Legacy Code Modernisation with Codex CLI: The Strangler Fig Pattern, ExecPlans, and Parity-First Migration Workflows
Legacy Code Modernisation with Codex CLI: The Strangler Fig Pattern, ExecPlans, and Parity-First Migration Workflows
Large-scale code modernisation remains one of the highest-stakes engineering tasks a team can undertake. A 2026 Leidos case study demonstrated that AI-assisted Oracle-to-PostgreSQL migration completed 80–90 per cent of the mechanical translation in minutes, with the remaining 10–20 per cent requiring senior engineering review1. That ratio — fast mechanical throughput gated by careful human judgement — is precisely the dynamic Codex CLI is built to exploit. This article walks through a practitioner’s workflow for modernising legacy codebases using Codex CLI, combining the strangler fig architectural pattern with ExecPlan-driven planning and parity-first validation.
Why Agents Amplify Good Process (and Bad)
Before reaching for any tool, the critical insight from Sourcegraph’s 2026 modernisation guide bears repeating: “AI amplifies good processes and bad processes equally. A team without tests, search, or observability gets worse output, not better, when they layer agents on top.”1
Codex CLI is not a magic wand for legacy modernisation. What it provides is a structured agent loop that can follow documented plans, execute mechanical transformations at speed, and surface mismatches between legacy and modern behaviour — provided your process gives it the right scaffolding.
The Five-Phase Framework
OpenAI’s official Codex Cookbook documents a five-phase modernisation methodology built around ExecPlans2. Each phase produces concrete artefacts that the next phase consumes:
flowchart TD
P0["Phase 0: Establish AGENTS.md & PLANS.md"] --> P1["Phase 1: Select Bounded Pilot Flow"]

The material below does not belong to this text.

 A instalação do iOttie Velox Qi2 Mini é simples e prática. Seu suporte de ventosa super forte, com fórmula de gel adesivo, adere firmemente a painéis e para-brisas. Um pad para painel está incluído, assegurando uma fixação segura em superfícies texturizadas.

P1 --> P2["Phase 2: Inventory Legacy Systems"]
P2 --> P3["Phase 3: Design Target Architecture"]
P3 --> P4["Phase 4: Implement & Validate Parity"]

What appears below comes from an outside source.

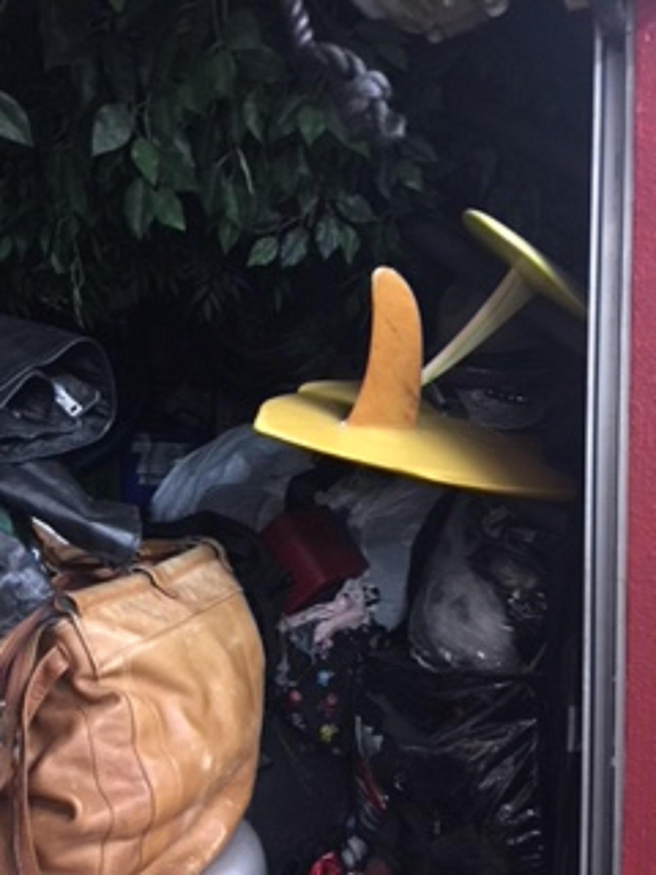 UNIT APPEARS TO HAVE: Surfboards, household items, clothing, bins, landscape/beach cart, Drum set, bicycles, camping gear

P4 --> P5["Phase 5: Operationalise & Scale"]
P4 -->|"Parity failures"| P2
Phase 0: Bootstrap Your Agent Contract
Before touching legacy code, establish the planning contract that governs how Codex operates during the migration. Create two files in .agent/:
# .agent/AGENTS.md excerpt
## Migration Rules
- Never modify legacy source files — they are read-only reference
- All modern code goes under modern/<language>/
- Every implementation change must have a corresponding parity test
- Reference original source locations in comments (e.g., "See COBOL COMPUTE-BALANCE paragraph")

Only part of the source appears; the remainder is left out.